Work required.
Starting at the line that contains "سيئاً أبداً. ......" and stopping at the line that contains "Photographic print of", transcribe every line of the material below exactly; pictures stay out.

Provided entries.
════════════════

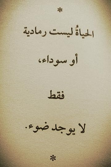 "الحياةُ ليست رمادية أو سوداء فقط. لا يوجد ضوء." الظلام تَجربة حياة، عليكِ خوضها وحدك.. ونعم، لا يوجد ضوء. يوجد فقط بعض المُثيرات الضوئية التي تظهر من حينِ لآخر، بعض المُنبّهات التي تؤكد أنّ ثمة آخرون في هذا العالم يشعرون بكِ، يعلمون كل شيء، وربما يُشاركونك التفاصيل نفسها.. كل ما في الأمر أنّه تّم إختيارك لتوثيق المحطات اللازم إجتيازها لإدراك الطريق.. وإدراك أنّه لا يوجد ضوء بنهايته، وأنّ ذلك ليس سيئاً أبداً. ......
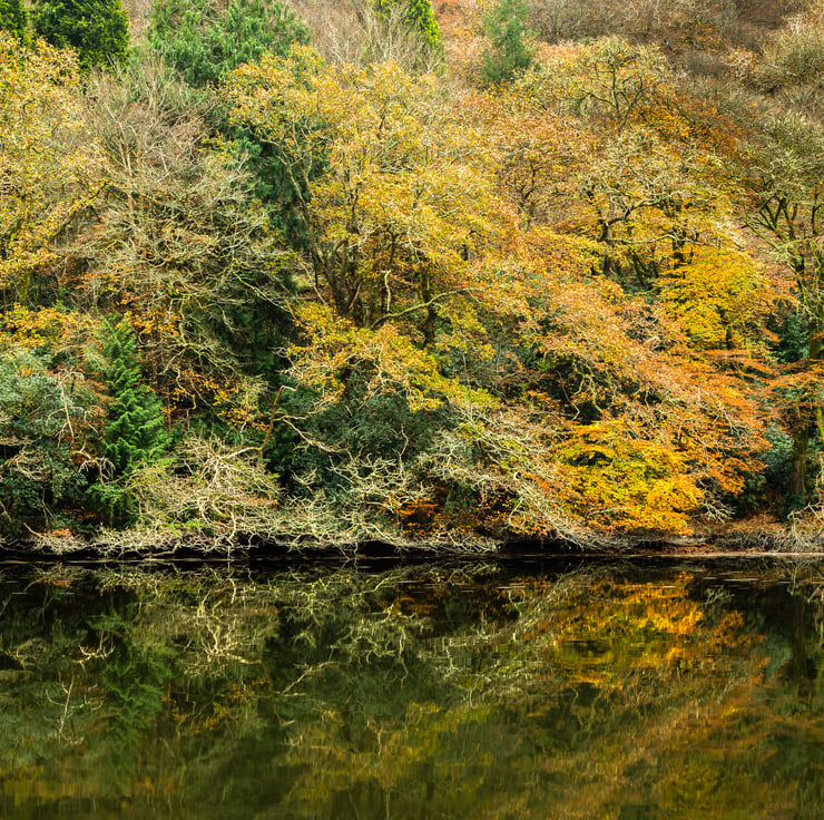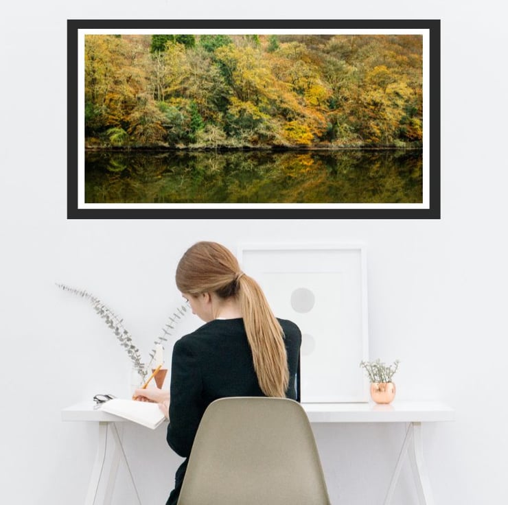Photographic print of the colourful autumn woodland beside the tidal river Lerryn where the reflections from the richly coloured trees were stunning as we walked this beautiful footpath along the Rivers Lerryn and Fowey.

════════════════

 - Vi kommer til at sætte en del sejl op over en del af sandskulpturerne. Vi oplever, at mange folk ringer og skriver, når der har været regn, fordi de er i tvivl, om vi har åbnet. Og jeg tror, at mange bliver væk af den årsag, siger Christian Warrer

════════════════

Output of the task.
 "الحياةُ ليست رمادية أو سوداء فقط. لا يوجد ضوء." الظلام تَجربة حياة، عليكِ خوضها وحدك.. ونعم، لا يوجد ضوء. يوجد فقط بعض المُثيرات الضوئية التي تظهر من حينِ لآخر، بعض المُنبّهات التي تؤكد أنّ ثمة آخرون في هذا العالم يشعرون بكِ، يعلمون كل شيء، وربما يُشاركونك التفاصيل نفسها.. كل ما في الأمر أنّه تّم إختيارك لتوثيق المحطات اللازم إجتيازها لإدراك الطريق.. وإدراك أنّه لا يوجد ضوء بنهايته، وأنّ ذلك ليس سيئاً أبداً. ......
Photographic print of the colourful autumn woodland beside the tidal river Lerryn where the reflections from the richly coloured trees were stunning as we walked this beautiful footpath along the Rivers Lerryn and Fowey.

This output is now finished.